High-throughput synthetic route screening

[smiley_boy]

I wanted to bring up this subject, because I think it has a great potential for radically advancing phenethylamine and tryptamine production.

Right now, combinatoral chemistry is used by big drug companies to screen through libraries of thousands to millions of compounds to find drugs useful for treating various ailments. The general procedure is they identify what chemical qualities their after, build up a database of compounds that might be interesting, then screen through them to find what they're looking for, narrowing their search down to the desired one or two compounds. In the process, they build "libraries" of compounds by synthesizing thousands of compounds at once (using robots, etc.)

Well, we have a different problem. We have one or two desired compounds, but we're all looking for the most desirable synthetic routeleading towards these.

How might we use this approach and, in a way, help pioneer a cutting edge branch of modern chemistry? What sort of quantitative analytical methods could we come up with to measure the kinetics, etc., of say, variations of the Wacker oxidation, or reductive amination? For that matter, only a tiny amount of literature exists on applied novel routes to 2C-B -- this could really be something.

Does anybody out there have some thoughts on this subject, or even perhaps some literary recomendations?

twitchin' the night away...

[oxycodfish]

I love it!  I've actually been thinking about that for a little while too -- why let the drug companies have all the fun?

It seems to me the best method will be a survey of literature relating to the desired synthesis followed by the design of an exhaustive experiment which will test many varieties of the documented methods.
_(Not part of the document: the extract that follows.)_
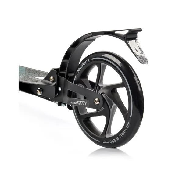 Dodatkowo pojazd został wyposażony w błotniki chroniące przed ochlapaniem, jeśli zaskoczy Cię deszcz a tylny posłuży jednocześnie za hamulec.

Let's say we want to test some specific substituent addition.  This "method" would suggest researching many different mechanisms by which this has been achieved, trying to find a pattern among all the methods (in other words, figuring out what variable(s) may be affecting the success/desirability of the reaction), and then continuing to change that variable in a series of experiments.  In this case, we'd run a battery of tests with, let's say, different reagents, at different temperatures, in different solvents, and with different catalysts.  Yes, that's a lot to analyze.  But odds are, each and every one of those combinations hasn't been tried before.  (Obviously, combinations which HAVE been verified as non-working or non-desirable need not be tested.)  Rate testing during the reactions followed by chemical and IR/NMR analyses of products would yield a hell of a lot of data, a lot of reactions which can be dismissed immediately as useless (wrong product), too slow, terrible yield, etc.  Perhaps one or two which merit further inquiry; just one new method in hundreds of experiments would make all the work worth it, I would think.
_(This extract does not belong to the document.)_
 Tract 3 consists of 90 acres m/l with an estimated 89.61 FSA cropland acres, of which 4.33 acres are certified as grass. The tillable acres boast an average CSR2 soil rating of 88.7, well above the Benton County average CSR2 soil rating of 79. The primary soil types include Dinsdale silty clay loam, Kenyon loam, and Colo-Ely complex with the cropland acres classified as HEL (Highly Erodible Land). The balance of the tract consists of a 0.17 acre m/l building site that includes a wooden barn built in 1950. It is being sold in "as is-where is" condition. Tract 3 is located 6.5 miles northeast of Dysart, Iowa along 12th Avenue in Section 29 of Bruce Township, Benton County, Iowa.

That's just my suggestion, of course.  It would be great to hear feedback on this or any other ideas.  Why don't we see if we can pick out a problem and do some work on it?

Nobody reads my posts  

[smiley_boy]

Yes, yes! This is what I was hoping for.

Well, let's start with a simple example: the Wacker oxidation. We can vary, among other things, reaction temperature, concentration of reagents, choice of reagents, choice of solvents, and choice of catalyst. What we need to look into are high-throughput methods of analysis in a clandestine setting -- how will one determine reaction completion, and quantitative analysis of final product, of, say, 50 experimental samples running simultaneously? This is the approach we should take.

[Lilienthal]

There is a method which is superior to the independent optimization of different reaction variables.

Choose conditions which make a good fill of the multidimensional space of conditions.
Then add the yields from the experiments. Now you may calculate 'contour lines' or 'iso-yield-lines' and identify the peaks ( = optimized reaction conditions).
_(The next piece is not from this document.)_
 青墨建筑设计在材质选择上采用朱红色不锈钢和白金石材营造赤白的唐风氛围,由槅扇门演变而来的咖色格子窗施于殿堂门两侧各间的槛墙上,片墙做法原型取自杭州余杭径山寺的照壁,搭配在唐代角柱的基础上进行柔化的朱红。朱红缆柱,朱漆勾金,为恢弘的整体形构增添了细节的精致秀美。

There are statistical programs which do the calculation and aid in finding the starting conditions for such experiments (I only read about this long ago...).

[Osmium]

Easy for the wacker. Dilute a drop of the reaction mixture with some solvent and inject into a GC. If the GC analysis can be done isothermally you can inject a sample every 5 ot ten minutes. Inorganic catalyst amount is low so it will all deposit at the beginning of the column which can be cut off when it gets plugged.

I've seen a nice IR spectrometer recently. It is so small that it fits into a reaction flask, and you can follow the course of the reaction inside. Of course it's only usable with certain reactands and solvent systems, but nevertheless a nice toy.